CRÍTICA | O Formidável

by Thiago de Mello

O Formidável, cinebiografia dirigida por Michel Hazanavicius (ganhador do Oscar de Melhor Diretor por O Artista, de 2011) é, no mínimo, curioso – e aqui, isso não é necessariamente um elogio. Toda bela e inventiva linguagem cinematográfica utilizada ao longo da narrativa entra em conflito com a concepção do personagem principal, culminando numa apreciação problemática que prejudica parte significativa da experiência.

Um dos objetivos mais claros de qualquer cinebiografia é humanizar o ícone, ao mesmo tempo em que presta uma homenagem (quando desejado). Esse subgênero realoca tais ícones, retirando-os de seus hiperbólicos pedestais e colocando-os em nosso mundo. O processo dessa humanização é composto por eventos onde se apresenta o outro lado do indivíduo, o lado que erra, que demonstra sentimentos ruins, que apresenta desejos mundanos. Ou seja, seu lado humano. É isso que Michel Hazanavicius faz com Jean-Luc Godard, apresenta seu lado humano. Porém, a forma como o faz quase o desumaniza por completo.

É 1967. Jean-Luc Godard (Louis Garrel) está produzindo o problemático A Chinesa quando conhece a Anne Wiazemsky (Stacy Martin), atriz do filme e mulher que viria a ser sua segunda esposa. Baseado na autobiografia de Wiazemsky – que faleceu há pouco tempo, em 5 de outubro – o espectador acompanha a dinâmica do casal dentro do conturbado contexto artístico do cineasta franco-suíço e toda a efervescência do período que antecede as manifestações de maio de 1968.

Em ‘O Formidável’, Godard não passa de uma caricatura desprezível e sem talento

A narrativa de O Formidável acontece sob a perspectiva de Wiazemsky e é dividida em 10 capítulos e um epílogo. Embora sugira um olhar sobre o casal, o foco é unicamente Godard, relegando Wiazemsky a uma mera espectadora. A personagem, embora funcione, parcialmente, como condutora narrativa, figura em boa parte das cenas apenas observando o diretor e marido. Mas é através de seus olhos e sentimentos que os capítulos recebem sua tônica. A primeira parte, por exemplo, introduz todo amor, paixão e idolatria que ela nutria por Godard, como ela enxergava e se relacionava com o ícone.

Logo no começo, o filme começa a apresentar seu vasto vocabulário cinematográfico.
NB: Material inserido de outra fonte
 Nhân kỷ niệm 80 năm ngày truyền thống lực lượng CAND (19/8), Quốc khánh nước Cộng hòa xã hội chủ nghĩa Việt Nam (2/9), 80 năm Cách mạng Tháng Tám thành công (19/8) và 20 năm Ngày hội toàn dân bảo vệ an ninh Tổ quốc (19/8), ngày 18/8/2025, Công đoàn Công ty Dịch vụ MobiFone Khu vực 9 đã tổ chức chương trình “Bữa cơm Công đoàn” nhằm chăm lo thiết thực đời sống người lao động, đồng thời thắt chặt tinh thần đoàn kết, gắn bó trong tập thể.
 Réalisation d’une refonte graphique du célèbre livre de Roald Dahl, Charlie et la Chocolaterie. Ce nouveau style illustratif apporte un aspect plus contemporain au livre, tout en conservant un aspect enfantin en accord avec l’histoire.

Um dos elementos de grande destaque é a vibrante paleta cromática que se apoia fortemente nas forças da cores primárias. Godard “é” vermelho e amarelo. Ele é poderoso, vibrante, obsessivo, exuberante. Já Wiazemsky está constantemente utilizando azul, ou deitada sobre ele, refletindo placidez, melancolia e, até, certa impotência. As cores elaboram uma pequena narrativa própria ao compor e sugerir estados de espírito, desejos e conflitos. Quando, por exemplo, Wiazemsky utiliza um figurino verde, esse tom  já anuncia uma mudança da personagem.

Além das cores, Hazanacius utiliza vários outros elementos narrativos que dão força visual e narrativa ao filme. Aí está o grande mérito de O Formidável: sua autoconsciência cinematográfica. O filme sabe que é um filme e se aproveita disso com ironias (atores criticando atores), quebras da quarta parede (conversas diretas com o espectador), sons vindos da instância narrativa (a câmera que faz barulho de arma), cenários que literalmente narram elementos da história, etc. Uma brincadeira metalinguística de Hazanavicus que dá elegância e charme ao longa.
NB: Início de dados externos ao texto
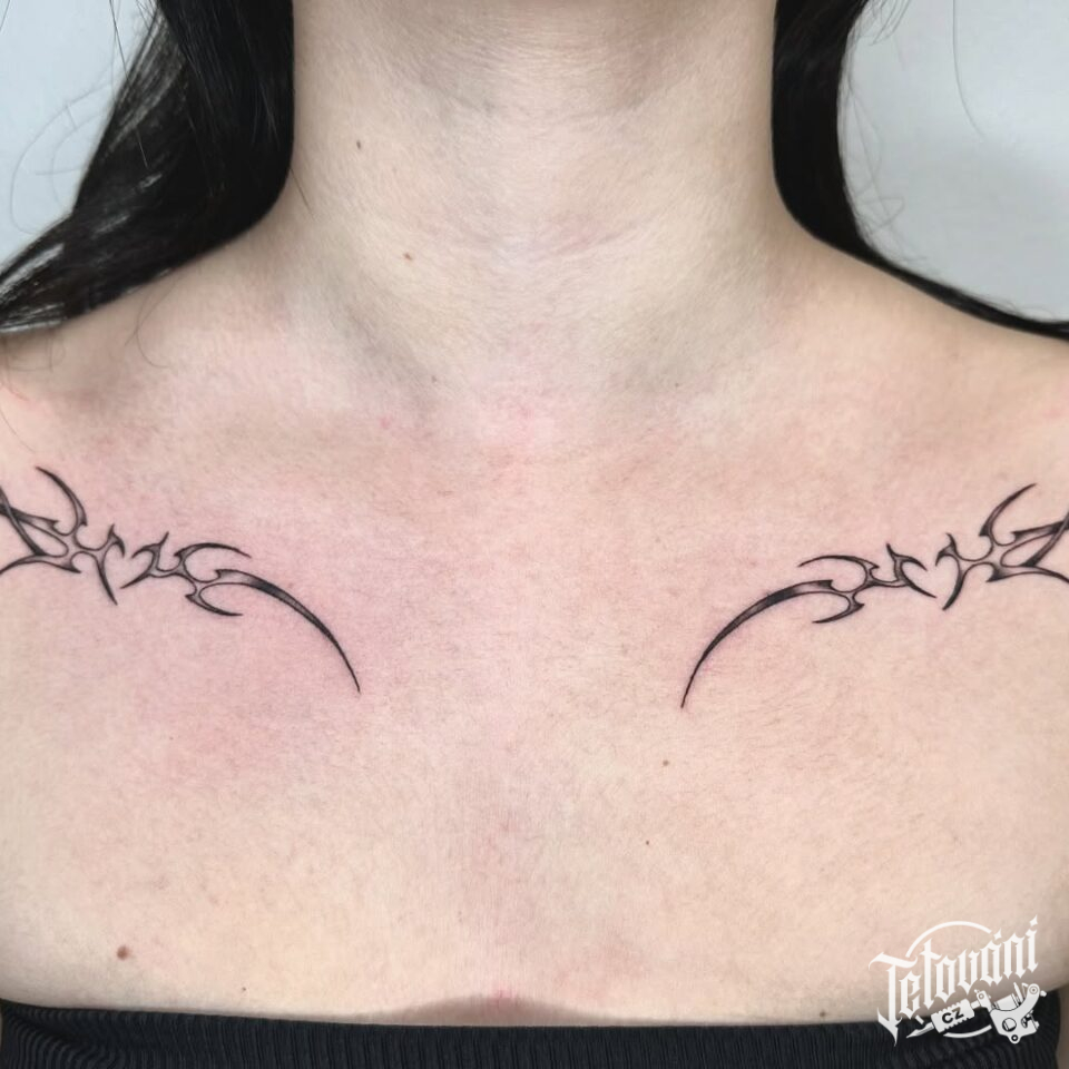 Tetování ornamenty pod klíční kosti

O problema de O Formidável não está em tais elementos, mas na concepção de Godard pelo diretor.

Jean-Luc Godard é um dos grandes nomes do cinema. Trata-se de um ícone indiscutível para a sétima arte principalmente por seus primeiros filmes, como Acossado (1960) e O Desprezo (1963), fundamentais para o estabelecimento do Nouvelle Vague. No recorte de O Formidável, Godard já é famoso (inclusive busca escapar do culto que o cerca) e está enveredando-se pela fase mais política de sua carreira. Assim, o Godard de O Formidável é humanizado pelo conflito interno (ele critica seus trabalhos anteriores, mas é lembrado e vive pela fama deles; critica a burguesia mesmo sendo burguês; critica a si ao mesmo tempo em que se acha revolucionário, etc) e pelo caos político e social da época. Os elementos da humanização, principalmente todo esse conflito, são interessantes e promissores. Porém, o roteiro de Hazanavicius peca pelo exagero.
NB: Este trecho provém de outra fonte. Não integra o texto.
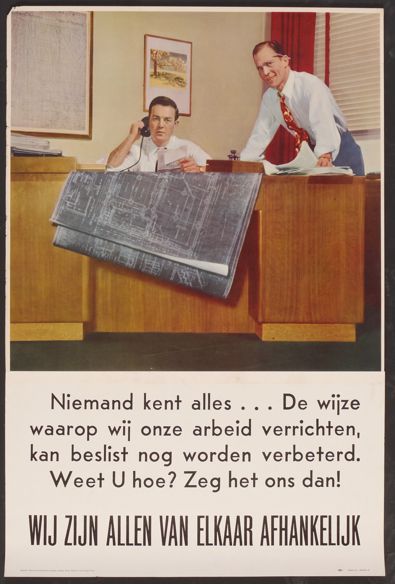 - opschriften: Niemand kent alles De wijze / waarop wij onze arbeid verrichten, / kan beslist nog worden verbeterd. / Weet U hoe? Zeg het ons dan! / WIJ ZIJN ALLEN VAN ELKAAR AFHANKELIJK
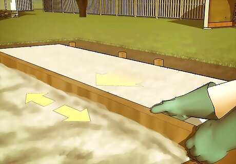 Screed the top of the concrete. Starting at the uphill point, use a screeding tool to flatten out the wet concrete. Screeding involves jiggling a wide plank of wood back and forth, if possible immediately over the forms, to create a flat surface. Work your way from top to bottom, gently screeding until you have a flat surface. Your concrete surface won't be finished yet, but it will begin to look more complete and professional looking at this point.
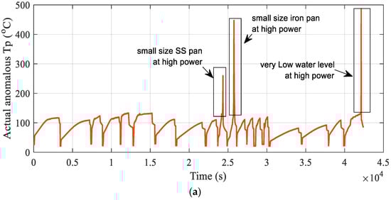 On the pot side, overheating can occur due to the usage of small cookware with inappropriate power levels or due to the small amount of water with a high power level. The overheated cookware can cause hazards to the users and, at the same time, can cause the maloperation of the IH system itself. Figure 8a shows the collected data on pot temperature which include the normal temperatures and abnormal overheating that exceeded 400 °C.
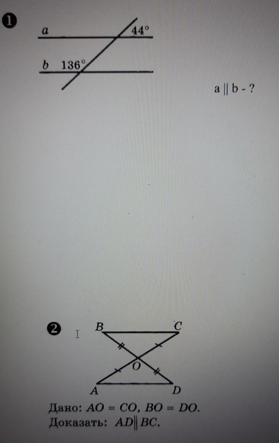 2) Треугольники равны по двум равным сторонам и углу между ними, следовательно прямые параллельны чтд.
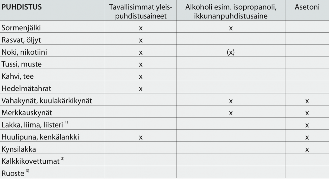Laminaatin puhdistus ja hoito IKI-levyn puhdistukseen tarvittava puhdistusaine valitaan oheisen taulukon perusteella. IKI-levy kestää kaikkia kotitalouksissa tavallisesti käytettyjä, hankausaineettomia puhdistusaineita.
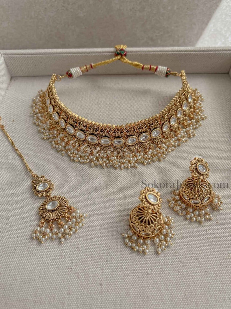 Kundan and Pearl Choker set - SOKORA JEWELSKundan and Pearl Choker setNECKLACE SETS
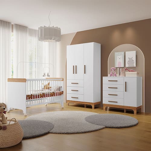 O Kit Quarto Infantil Doçura reúne os três móveis essenciais para montar um quarto funcional, bonito e seguro: guarda-roupas, cômoda e berço. Ideal para quem já possui colchão ou deseja escolher separadamente, este conjunto oferece praticidade no dia a dia, com design moderno e estrutura resistente em MDF 100%.
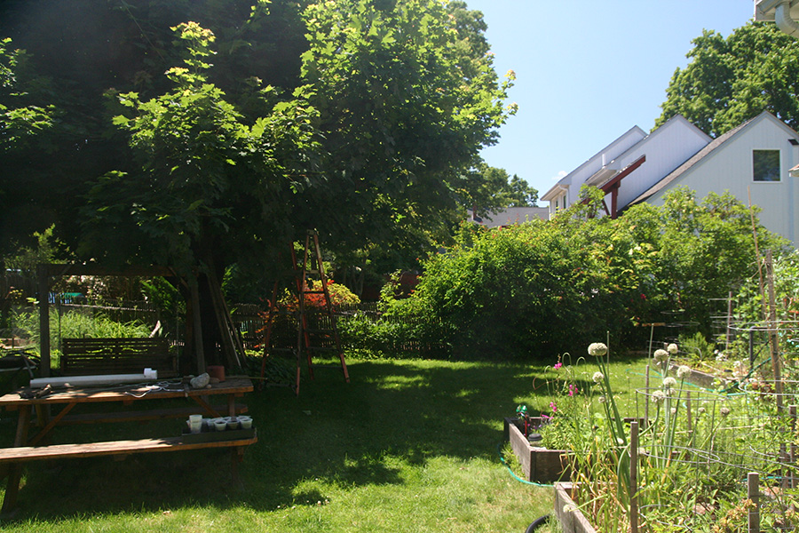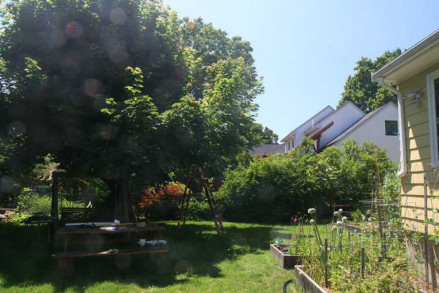 with the robin nest up in the maple tree now vacant, i could go ahead and prune some branches in order to reclaim some sun exposure for raised bed 3. as the afternoon advanced, i paid attention to where the shadow of the tree was landing. not confident enough to use the chainsaw, i only used manual tools instead.
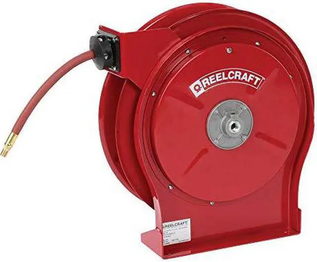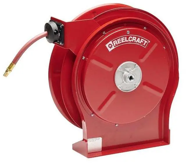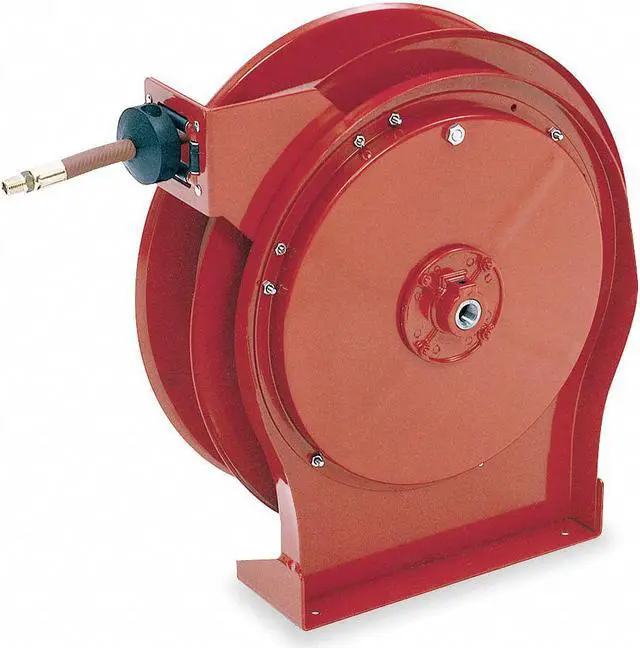 Compact design and all-steel construction allows use in tight spaces. Just pull hose out to desired length, then allow hose to rewind on reel a half turn for latch engagement. Reel is ideal for noisy environments. • Permanently lubricated swivel• Corrosion-resistant powder-coated finish Spring Return Hose Reel, Media - Hose Reels Air, Water, Max. Pressure 300 psi, Hose Inside Dia. 1/2 In., Hose Length 50 ft., Hose Included Yes, Heavy Duty, Finish - Hose Reels Powder Coated, Drive Type - Hose Reels Spring Return, Reel Inlet 3/8 In. (F)NPT, Enclosed Reel No, Hose Ends 1/2 In. (M)NPT, Hose Outlet 1/2 In. (M)NPT, Max. Temp. 150 Degrees F, Quiet Latch Latch, 17-1/2 In., Overall Width 7 In., Overall Length 16-1/2 In.
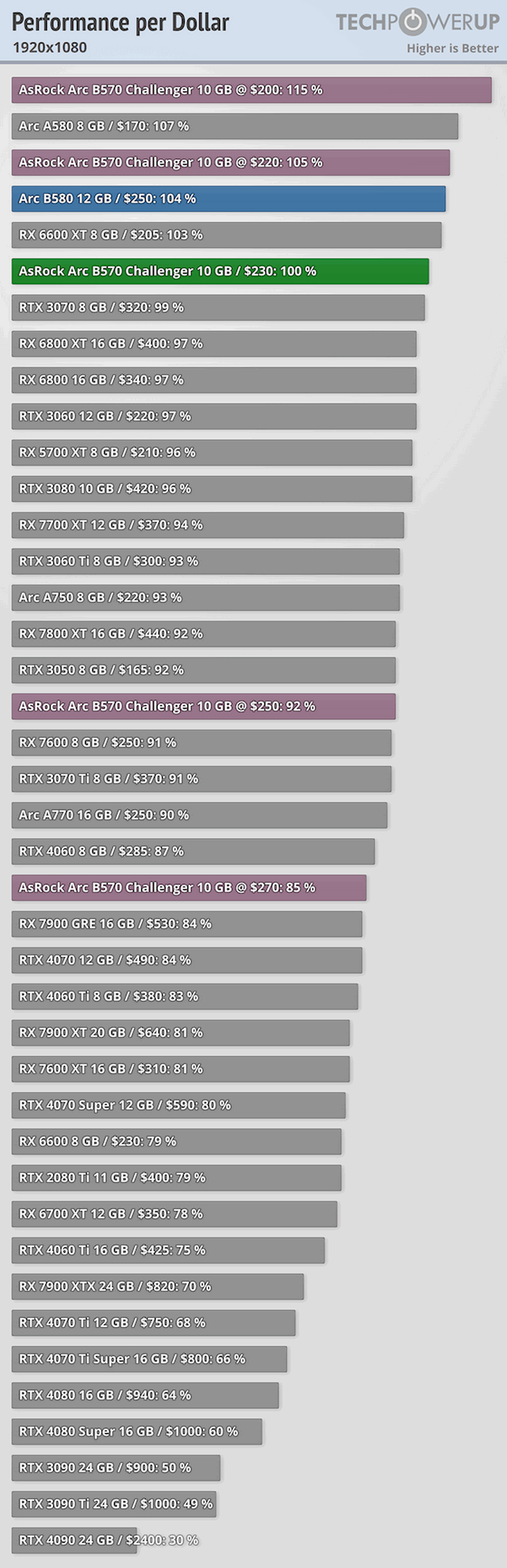 При своей цене в 220 долларов, Arc B570, как и B580 за 250 долларов, является одни из самых выгодных предложений на рынке, а среди актуальных моделей это вообще самые выгодные карты.

O Godard de Hazanavicius não possui qualquer virtude. Seus novos filmes são ruins, suas condutas sociais e pessoais, piores. É um Godard que exala arrogância e cospe prepotência em todos ao redor, desde sua esposa até fãs aleatórios que desejam falar-lhe. Guia-se pela apreciação de terceiros, acovarda-se perante estudantes, agride verbalmente idosos, menospreza e diminui a esposa, afasta amigos, sugere antissemitismo. E assim segue a lista de ignorâncias que constroem (ou destroem) o personagem. O que seria uma humanização, muta-se para uma caricatura arrogante e sem talento.

Não é possível relacionar-se com o Godard de Hazanacius que parece tentar criar a antítese extrema do herói perfeito. Porém, é preciso citar que tal realização do personagem – mesmo negativa – é mérito da atuação de Louis Garrel. O ator consegue criar exatamente o que o diretor tinha em mente. Assim, dá vida a um Godard curioso e cativante, no primeiro capítulo (tal como Wiazemsky o vê no início), até o seu pior lado – que, pelo filme, aparenta ser o único lado. Já Stacy Martin, quando o roteiro permite, também realiza bom trabalho. A atriz conquista pelo olhar tão energético quanto cândido. Mas a química de ambos, porém, não brilha.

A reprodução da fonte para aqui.